* Your task:
Each line of the data must reappear exactly in your answer, with no images included.

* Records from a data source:
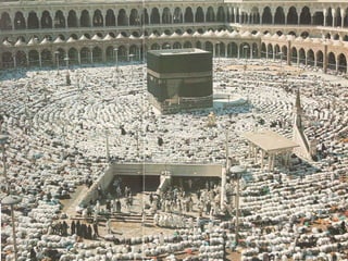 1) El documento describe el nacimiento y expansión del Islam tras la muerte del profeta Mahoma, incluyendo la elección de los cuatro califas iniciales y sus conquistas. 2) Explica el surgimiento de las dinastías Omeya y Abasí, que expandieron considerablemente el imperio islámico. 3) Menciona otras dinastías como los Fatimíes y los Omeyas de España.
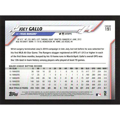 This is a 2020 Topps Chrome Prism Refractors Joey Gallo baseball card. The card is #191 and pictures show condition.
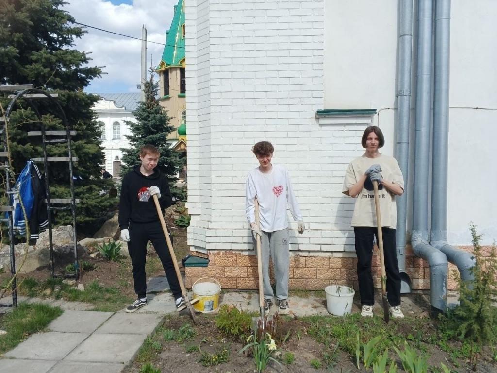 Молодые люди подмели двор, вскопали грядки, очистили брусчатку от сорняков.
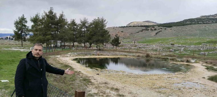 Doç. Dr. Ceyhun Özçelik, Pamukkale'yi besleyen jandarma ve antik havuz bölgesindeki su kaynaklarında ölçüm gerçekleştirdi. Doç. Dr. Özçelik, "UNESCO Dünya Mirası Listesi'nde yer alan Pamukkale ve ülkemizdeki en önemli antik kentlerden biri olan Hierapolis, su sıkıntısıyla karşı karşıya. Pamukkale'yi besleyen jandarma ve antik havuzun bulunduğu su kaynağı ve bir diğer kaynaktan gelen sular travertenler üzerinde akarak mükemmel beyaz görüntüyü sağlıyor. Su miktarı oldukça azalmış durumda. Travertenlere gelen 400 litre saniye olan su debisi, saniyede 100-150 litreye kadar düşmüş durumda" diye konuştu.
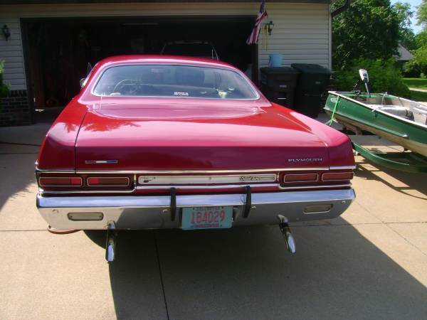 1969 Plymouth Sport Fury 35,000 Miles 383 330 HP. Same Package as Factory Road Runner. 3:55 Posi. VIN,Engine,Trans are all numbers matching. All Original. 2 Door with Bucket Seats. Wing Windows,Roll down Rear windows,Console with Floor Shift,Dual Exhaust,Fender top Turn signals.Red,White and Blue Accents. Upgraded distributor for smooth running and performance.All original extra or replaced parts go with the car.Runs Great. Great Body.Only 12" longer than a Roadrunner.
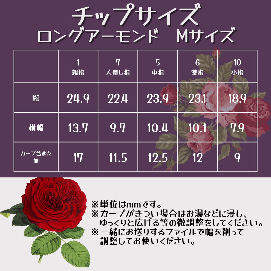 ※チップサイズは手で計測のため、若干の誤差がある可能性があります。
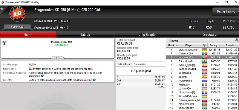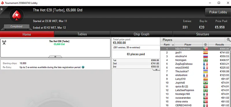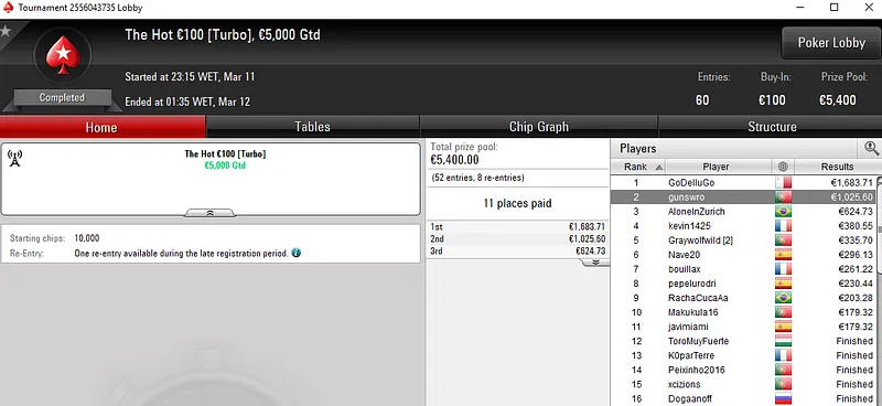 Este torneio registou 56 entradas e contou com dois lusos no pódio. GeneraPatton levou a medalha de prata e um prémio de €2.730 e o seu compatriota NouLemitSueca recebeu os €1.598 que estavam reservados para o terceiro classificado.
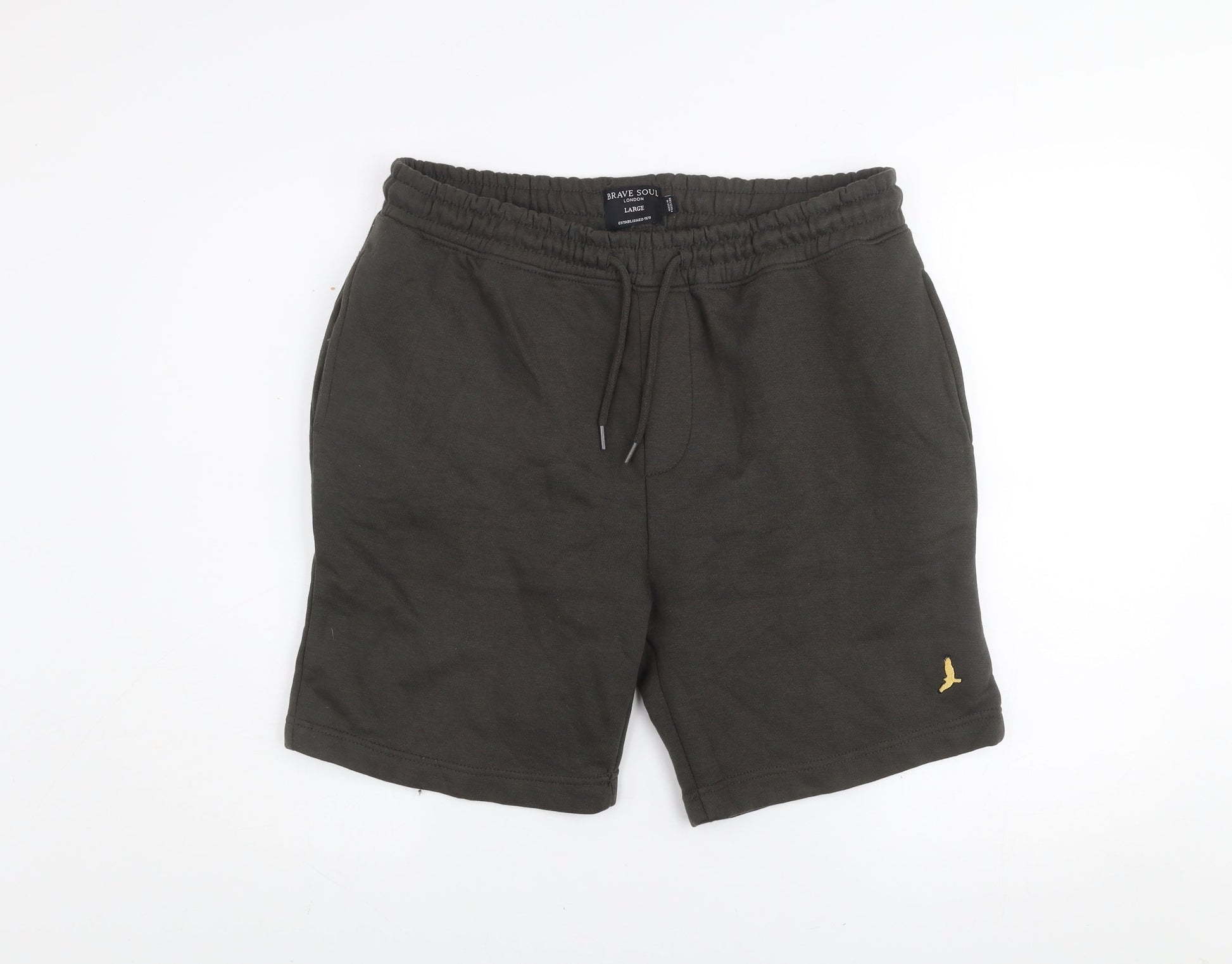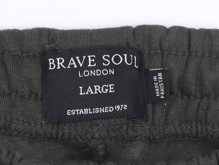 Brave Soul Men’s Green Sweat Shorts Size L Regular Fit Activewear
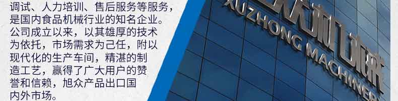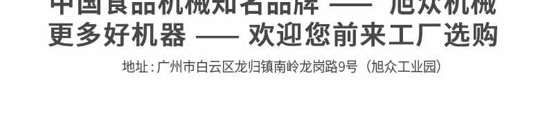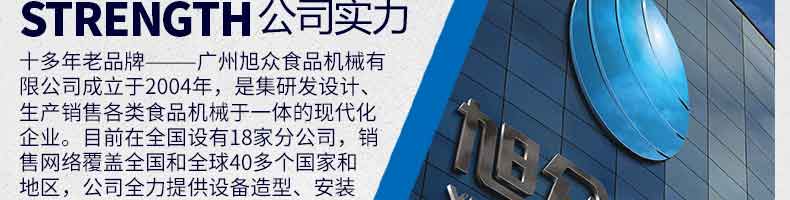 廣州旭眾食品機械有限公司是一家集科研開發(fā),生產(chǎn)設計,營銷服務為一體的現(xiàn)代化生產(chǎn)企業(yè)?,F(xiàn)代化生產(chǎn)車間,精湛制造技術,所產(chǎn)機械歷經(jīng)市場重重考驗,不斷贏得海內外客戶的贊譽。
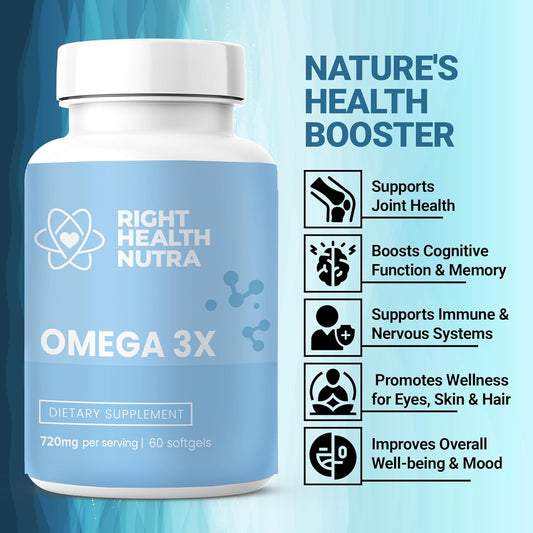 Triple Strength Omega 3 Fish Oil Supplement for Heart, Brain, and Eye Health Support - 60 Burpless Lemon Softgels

* Written response:
 1) El documento describe el nacimiento y expansión del Islam tras la muerte del profeta Mahoma, incluyendo la elección de los cuatro califas iniciales y sus conquistas. 2) Explica el surgimiento de las dinastías Omeya y Abasí, que expandieron considerablemente el imperio islámico. 3) Menciona otras dinastías como los Fatimíes y los Omeyas de España.
 This is a 2020 Topps Chrome Prism Refractors Joey Gallo baseball card. The card is #191 and pictures show condition.
 Молодые люди подмели двор, вскопали грядки, очистили брусчатку от сорняков.
 Doç. Dr. Ceyhun Özçelik, Pamukkale'yi besleyen jandarma ve antik havuz bölgesindeki su kaynaklarında ölçüm gerçekleştirdi. Doç. Dr. Özçelik, "UNESCO Dünya Mirası Listesi'nde yer alan Pamukkale ve ülkemizdeki en önemli antik kentlerden biri olan Hierapolis, su sıkıntısıyla karşı karşıya. Pamukkale'yi besleyen jandarma ve antik havuzun bulunduğu su kaynağı ve bir diğer kaynaktan gelen sular travertenler üzerinde akarak mükemmel beyaz görüntüyü sağlıyor. Su miktarı oldukça azalmış durumda. Travertenlere gelen 400 litre saniye olan su debisi, saniyede 100-150 litreye kadar düşmüş durumda" diye konuştu.
 1969 Plymouth Sport Fury 35,000 Miles 383 330 HP. Same Package as Factory Road Runner. 3:55 Posi. VIN,Engine,Trans are all numbers matching. All Original. 2 Door with Bucket Seats. Wing Windows,Roll down Rear windows,Console with Floor Shift,Dual Exhaust,Fender top Turn signals.Red,White and Blue Accents. Upgraded distributor for smooth running and performance.All original extra or replaced parts go with the car.Runs Great. Great Body.Only 12" longer than a Roadrunner.
 ※チップサイズは手で計測のため、若干の誤差がある可能性があります。
 Este torneio registou 56 entradas e contou com dois lusos no pódio. GeneraPatton levou a medalha de prata e um prémio de €2.730 e o seu compatriota NouLemitSueca recebeu os €1.598 que estavam reservados para o terceiro classificado.
 Brave Soul Men’s Green Sweat Shorts Size L Regular Fit Activewear
 廣州旭眾食品機械有限公司是一家集科研開發(fā),生產(chǎn)設計,營銷服務為一體的現(xiàn)代化生產(chǎn)企業(yè)?,F(xiàn)代化生產(chǎn)車間,精湛制造技術,所產(chǎn)機械歷經(jīng)市場重重考驗,不斷贏得海內外客戶的贊譽。
 Triple Strength Omega 3 Fish Oil Supplement for Heart, Brain, and Eye Health Support - 60 Burpless Lemon Softgels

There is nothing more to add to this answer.